All three seem reasonable. All three are measuring the wrong thing.
- Measuring AI by outputs, not by improved decisions. The indicator most teams report is ‘pieces of content produced’ or ‘time saved on copywriting’. Neither measures whether AI changed a campaign decision, refined targeting, or identified a pattern no one had seen. This is the same confusion that surfaces when teams try to measure marketing’s contribution to revenue: activity counted as if it were outcome. You measure what you produce, not what you decide.
- Assuming that automating execution solves the results problem. What most people call AI adoption in marketing is, in practice, scaling mediocrity faster. A team producing more content with AI still has exactly the same problems with distribution, segmentation and relevance it had before. Production speed does not touch those problems.
- Confusing production speed with competitive advantage. If 80 per cent of teams are using AI to scale content, AI-generated content has become the floor. Generative AI tools are, at this point, commodities. The advantage is built in the layer where most teams are not investing: intelligence and decision. It is also the layer that separates the profiles emerging as the CMO role fragments from the ones that lose ground.
The question that does not get asked enough
There is a diagnosis any team can run without investing in new tools.
Open the list of tasks where you used AI this week. Classify each one: is it execution (producing something), decision (choosing something) or intelligence (understanding something)?
If 90 per cent falls under execution, you do not have an AI adoption problem. You have an AI distribution problem within the system.

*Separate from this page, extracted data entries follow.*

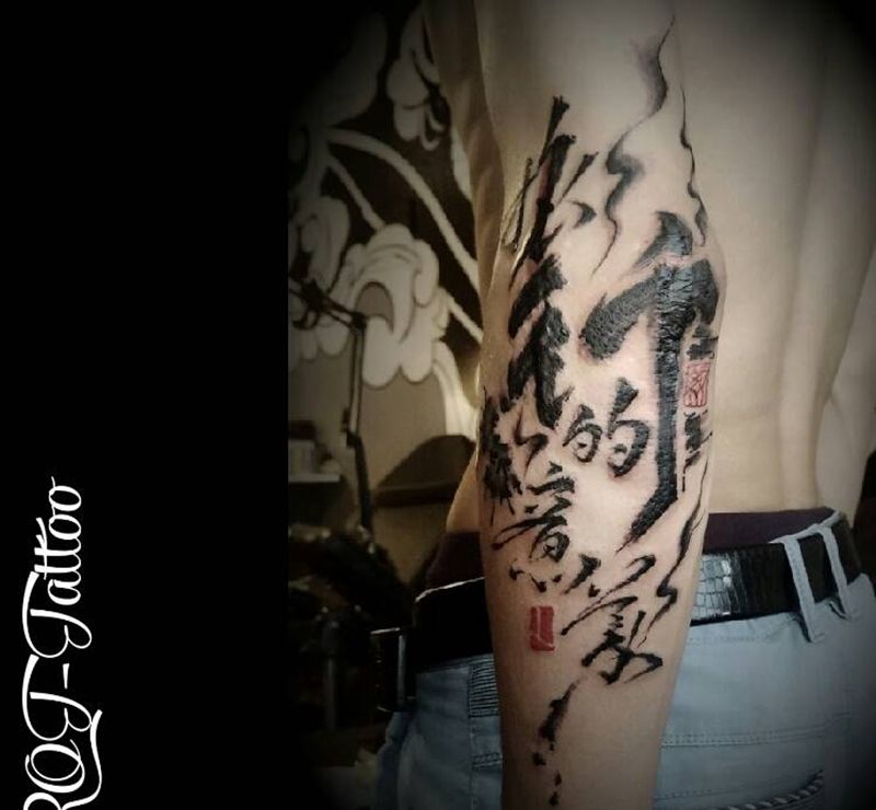 旅行的意义纹身图片_手臂传统国画字符水墨成品手稿纹身图案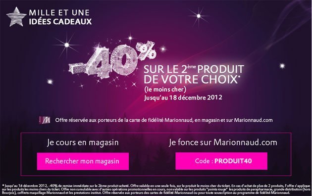 - Jusqu’au 18 décembre, -40% de remise immédiate sur le 2ème produit acheté: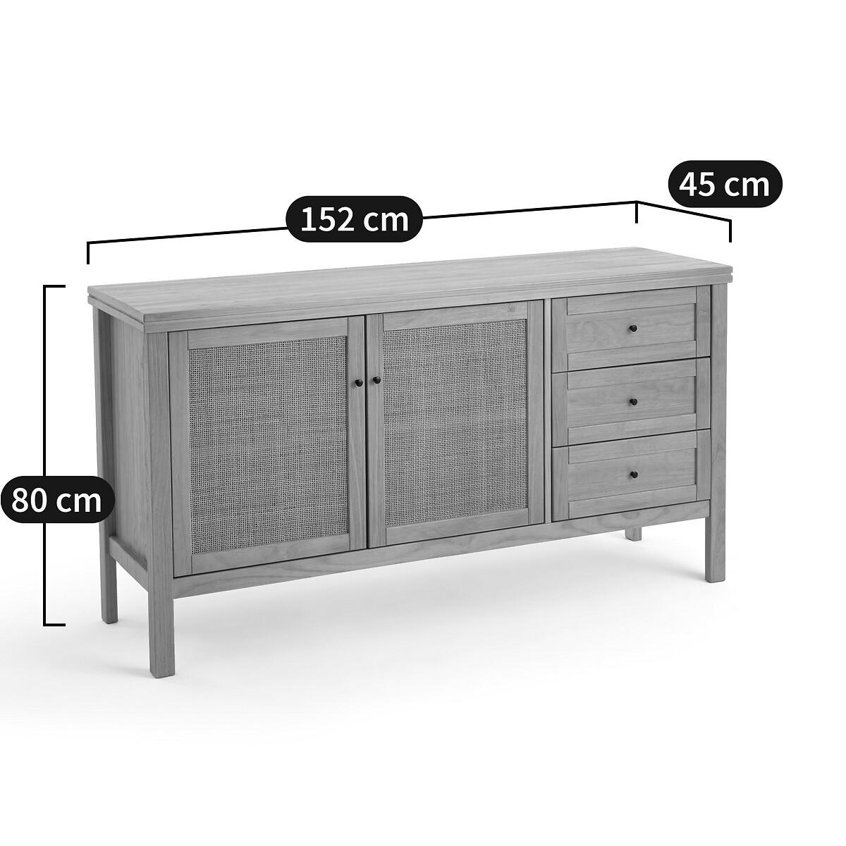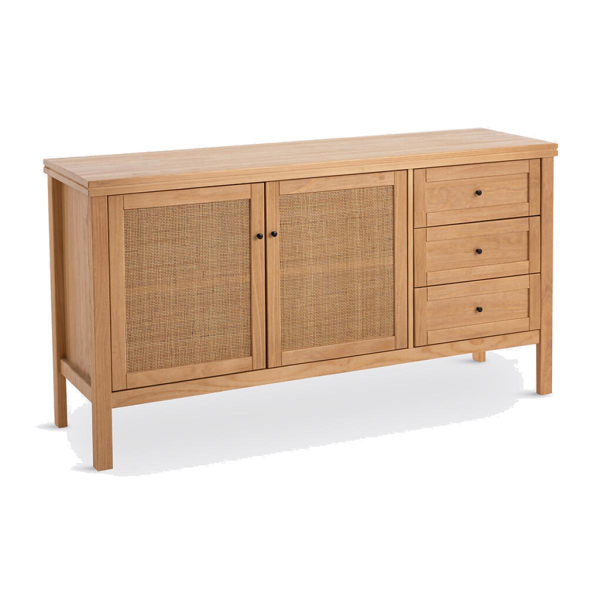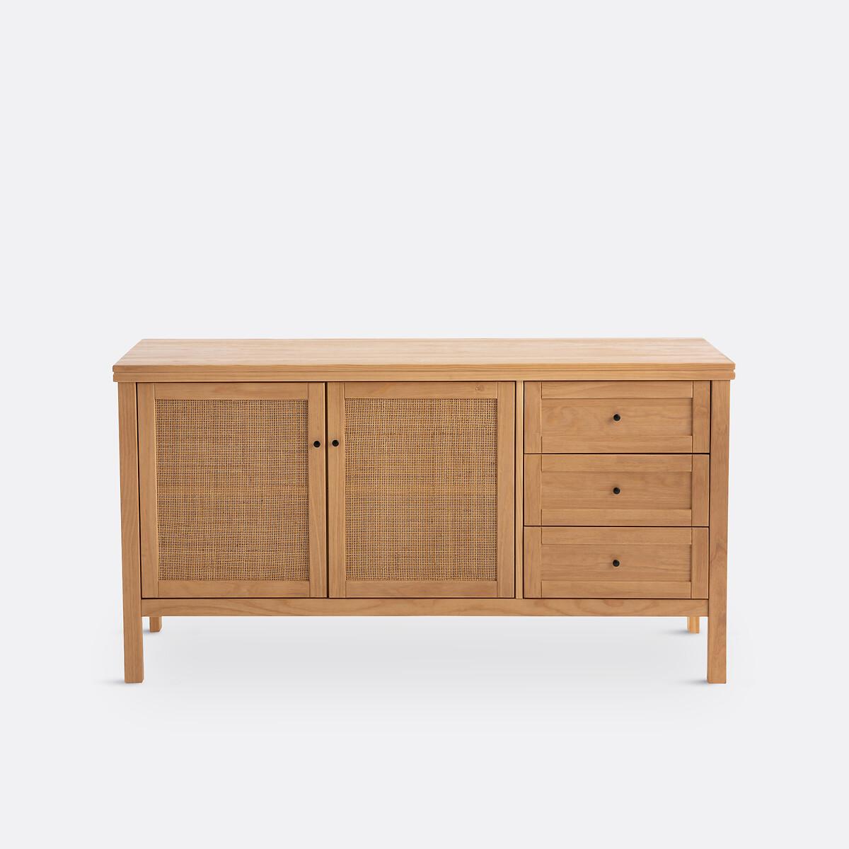 The Gabin pine and rattan sideboard. The collection of Gabin furniture is inspired by Scandinavian design's use of pine, combined with the vintage touch of rattan cane for unique pieces. Product Details • In lightly brushed solid pine, stained oak finish, acrylic varnish • 2 rattan doors • 2 removable and adjustable shelves in 3 positions • 4 compartments • 3 drawers • Aged metal handlesDimensions. Overall • Width: 152cm • Height: 80cm • Depth: 45cm. Usable space. Compartments (without shelves): • Length 46 cm • Height 55cm • Depth 35cm. Drawers : • Length 40cm • Height 10cm • Depth 34cmDelivery:. This product is sold for self-assembly. Note! Please check that all access points are large enough to accommodate your delivery (doors, stairs, lifts). • WOOD FROM MORE SUSTAINABLY MANAGED FORESTS AND CONTROLLED SOURCES. FSC® Mix wood contains at least 70% FSC® certified and/or recycled wood, the remainder being FSC® controlled wood. Dimensions and weight of parcels2 parcels • L68 x H24 x D56cm. 17kg. • L162 x H19 x D53cm. 30kg.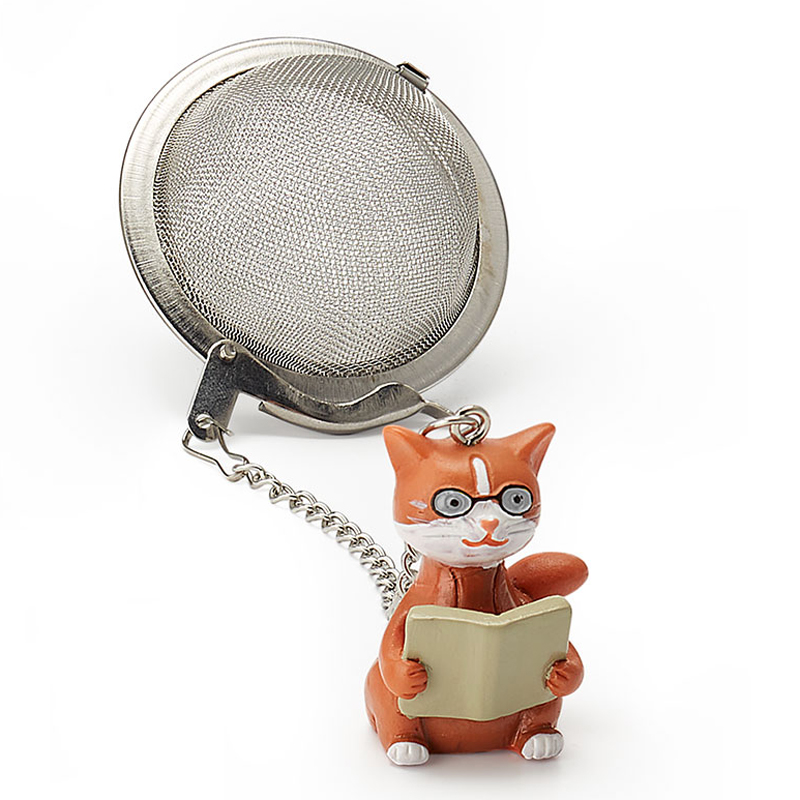 Praktyczny zaparzacz w kształcie kuli wykonany z drobnej siatki ze stalową obwódką i łańcuszkiem umożliwiającym przymocowanie go do brzegu naczynia.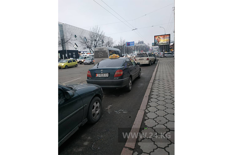 Таксисты — злостные нарушители правил парковки. Очередной водитель встал на перекрестке улицы Ахунбаева и проспекта Айтматова.

The question that should drive the next quarter is not ‘what else can we automate?’ It is: which layer of the system has the most to gain?
AI analytics adoption is accelerating. The gap between where most teams are today and where the more advanced ones operate is already visible in results.
The competitive gap in AI marketing comes down to a single variable: which layer of the system you choose to apply it to. Most teams have not diagnosed that yet.
Frequently asked
Why AI in marketing fails to change results for most teams
Most AI in marketing is deployed at the execution layer: content production, copy generation, email automation. These tasks create efficiency but do not change how decisions are made. The decision and intelligence layers, where AI would alter campaign outcomes, segment targeting and market reading, are rarely activated in a systematic way.
Generative AI vs predictive AI in marketing: the practical difference
Generative AI produces content on demand: blog posts, ad copy, email sequences. Predictive AI analyses patterns in existing data to inform decisions: which segment converts, which accounts are churning, which market signals are shifting. Most AI adoption in marketing is generative. Most of the value is in the predictive layer.
How to diagnose your team’s AI distribution in five minutes
List the tasks where your team used AI in the past week. Classify each as execution (producing output), decision (choosing between options) or intelligence (understanding the market or customer). If more than 80 per cent falls under execution, your team has an AI allocation problem, not an AI adoption problem.
What the execution layer bias actually costs
A team scaling content with AI still faces the same distribution, segmentation and relevance problems it had before. Production speed does not resolve them. The cost is compounded: more output is produced from the same flawed decisions, making the gap between volume and results more visible over time.
Sources: [1] HubSpot, ‘State of Marketing 2026’, HubSpot Research, 2026. Data cited: 80% AI adoption in content creation among marketing teams, ‘mostly average’ content quality assessment, direct quote from Kieran Flanagan (SVP Marketing, HubSpot): ‘AI is now table stakes — the gap is how well they’re using it.’